Aligning AI with human values

Senior Audrey Lorvo is researching AI safety, which seeks to ensure increasingly intelligent AI models are reliable and can benefit humanity. The growing field focuses on technical challenges like robustness and AI alignment with human values, as well as societal concerns like transparency and accountability. Practitioners are also concerned with the potential existential risks associated with increasingly powerful AI tools.
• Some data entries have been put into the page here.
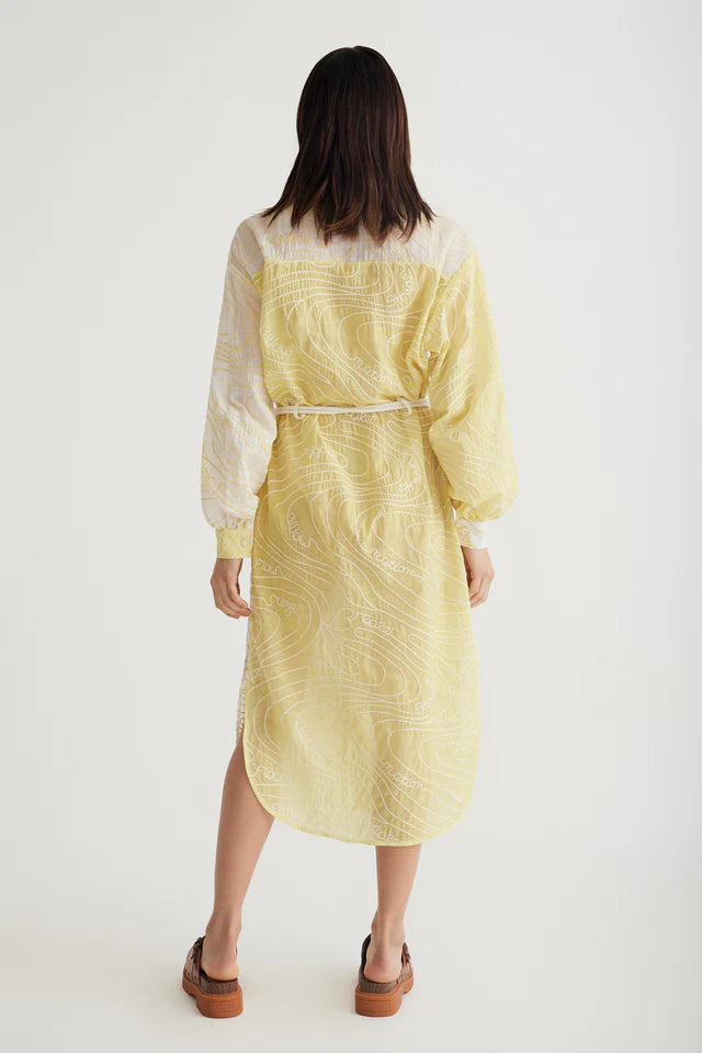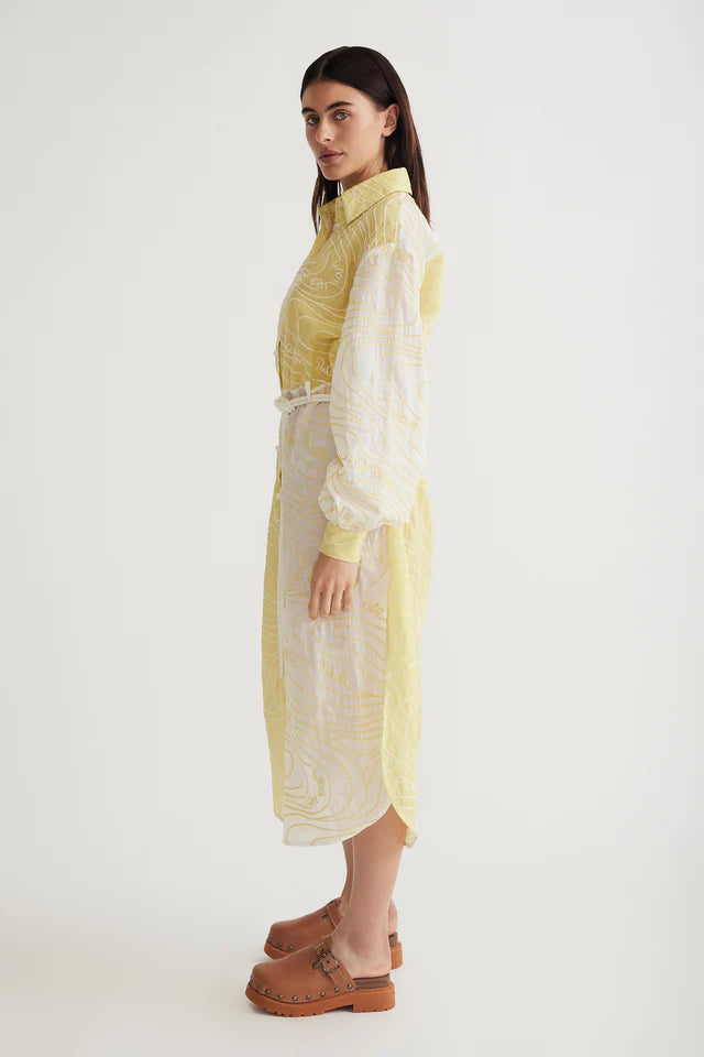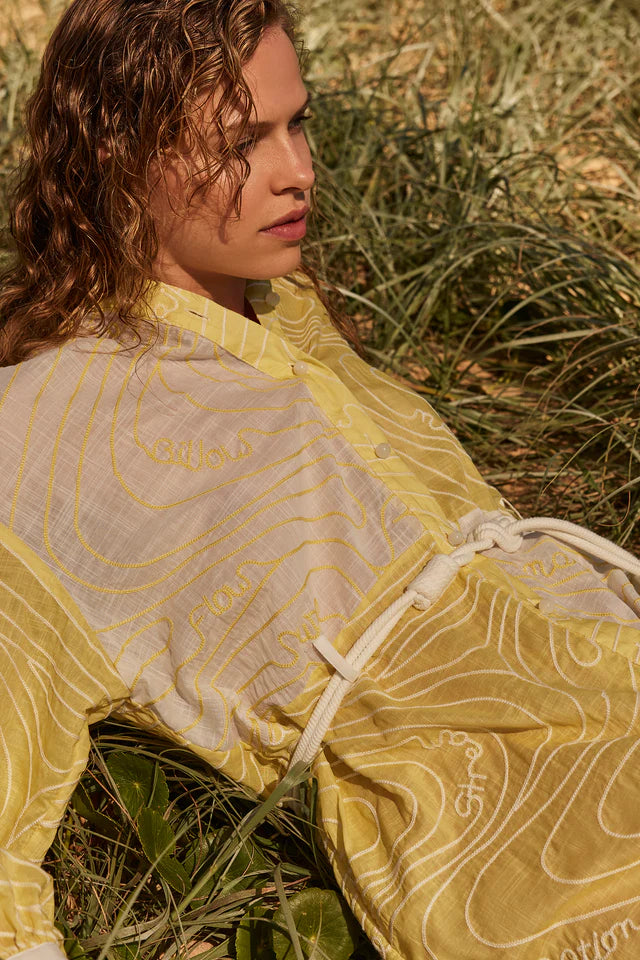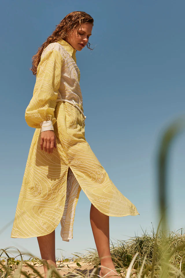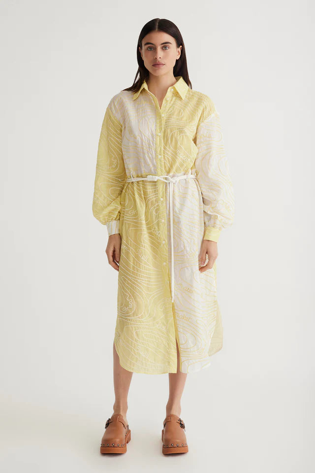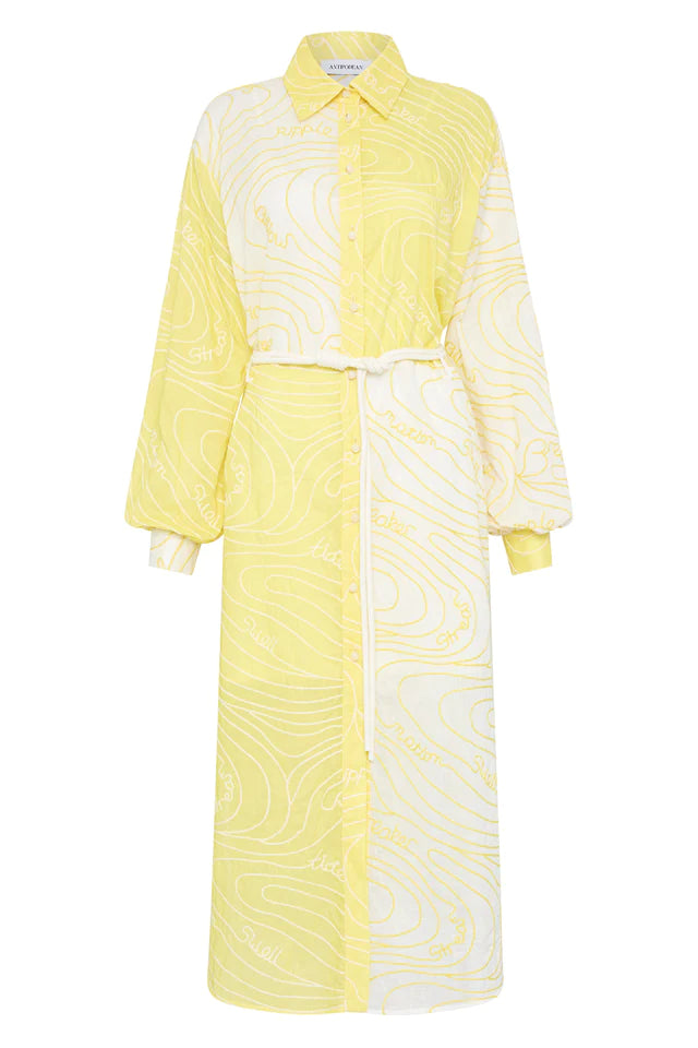 The Surge Belted Shirt Dress is made in a breezy cotton and is embroidered with hand-drawn motifs. Inspired by the movements of the ocean, this zesty yellow and crisp white design is made for days in the sunshine. The dreamy silhouette features a hand-knotted belt, voluminous balloon sleeves, and marbled beading buttons.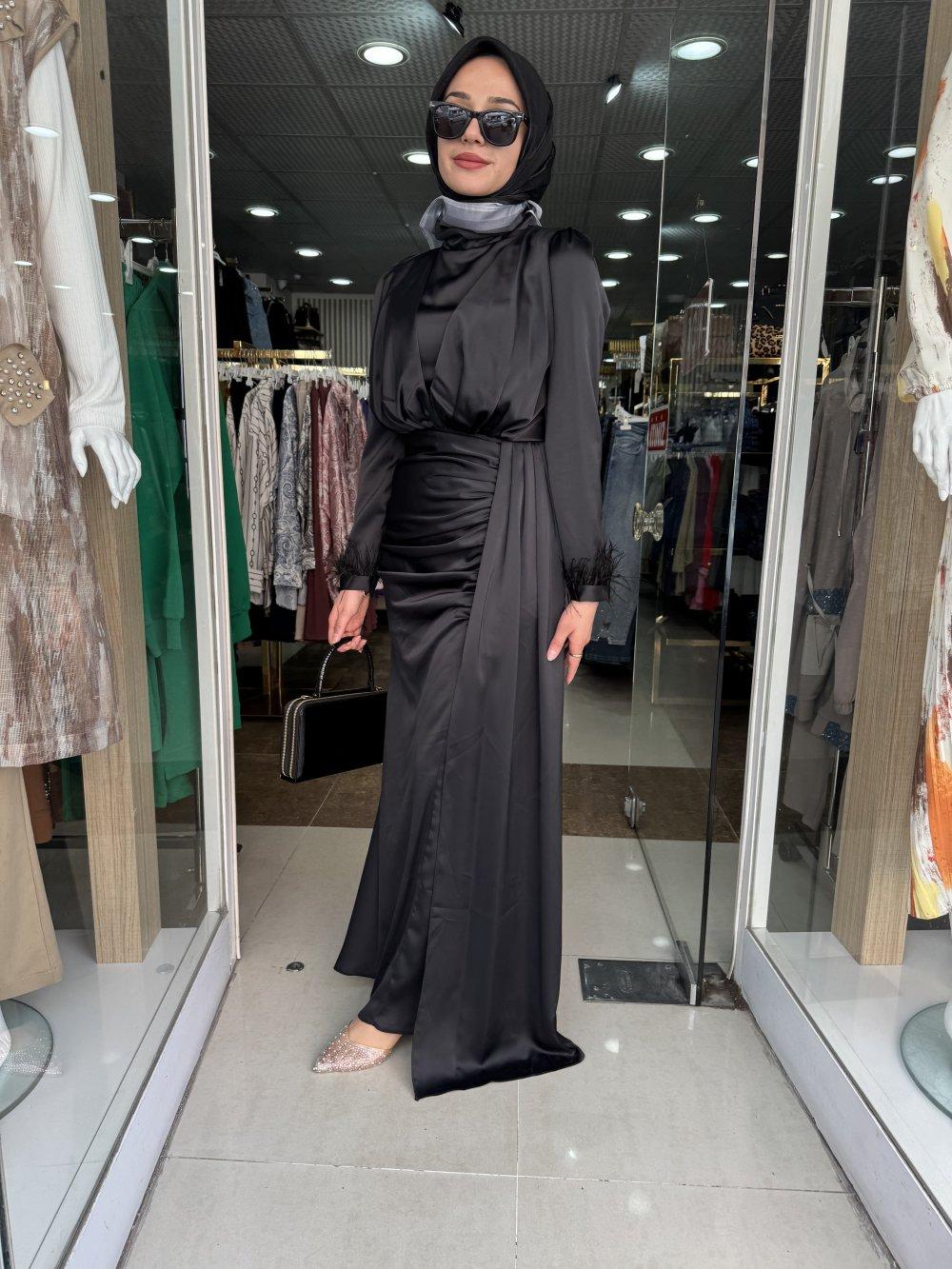 SATEN KOLU TÜYLÜ TANE ELBİSE Siyah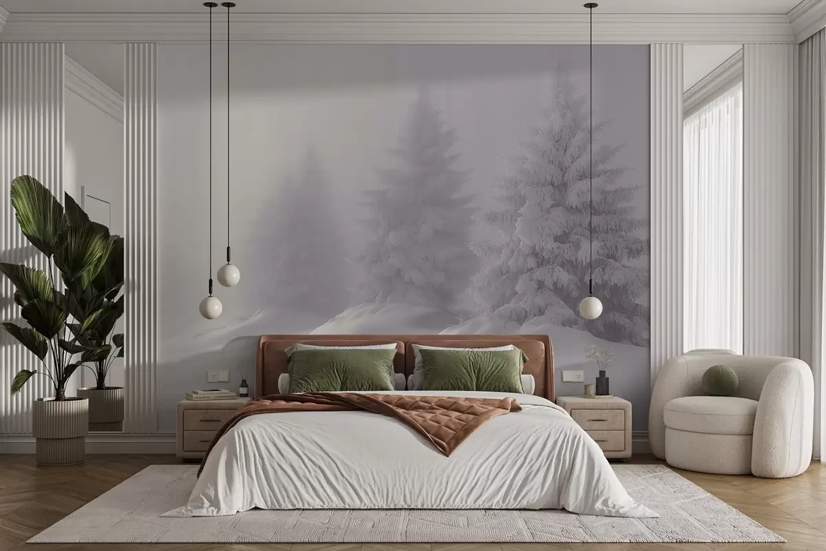 Stenske poslikave Zasnežene jelke v samoti meglenega jutra Št. w02065
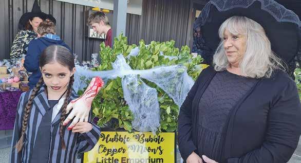 SPOOKY: Wednesday Adams - Eva MacDonald, with Hubble Bubble Witch - Angela McGhie (vendor) at the Vines Village monthly market last Wednesday. Photo: supplied.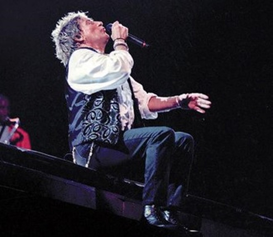 Rod Stewart voltou ao Rio para o primeiro Rock in Rio: se apresentou duas vezes,nos dias 13 (foto) e 16 de janeiro — Foto: Arquivo

“Ensuring AI isn’t misused or acts contrary to our intentions is increasingly important as we approach artificial general intelligence (AGI),” says Lorvo, a computer science, economics, and data science major. AGI describes the potential of artificial intelligence to match or surpass human cognitive capabilities.

An MIT Schwarzman College of Computing Social and Ethical Responsibilities of Computing (SERC) scholar, Lorvo looks closely at how AI might automate AI research and development processes and practices. A member of the Big Data research group, she’s investigating the social and economic implications associated with AI’s potential to accelerate research on itself and how to effectively communicate these ideas and potential impacts to general audiences including legislators, strategic advisors, and others.

Lorvo emphasizes the need to critically assess AI’s rapid advancements and their implications, ensuring organizations have proper frameworks and strategies in place to address risks. “We need to both ensure humans reap AI’s benefits and that we don’t lose control of the technology,” she says. “We need to do all we can to develop it safely.”

Her participation in efforts like the AI Safety Technical Fellowship reflect her investment in understanding the technical aspects of AI safety. The fellowship provides opportunities to review existing research on aligning AI development with considerations of potential human impact. “The fellowship helped me understand AI safety’s technical questions and challenges so I can potentially propose better AI governance strategies,” she says. According to Lorvo, companies on AI’s frontier continue to push boundaries, which means we’ll need to implement effective policies that prioritize human safety without impeding research.

Value from human engagement

When arriving at MIT, Lorvo knew she wanted to pursue a course of study that would allow her to work at the intersection of science and the humanities. The variety of offerings at the Institute made her choices difficult, however.

“There are so many ways to help advance the quality of life for individuals and communities,” she says, “and MIT offers so many different paths for investigation.”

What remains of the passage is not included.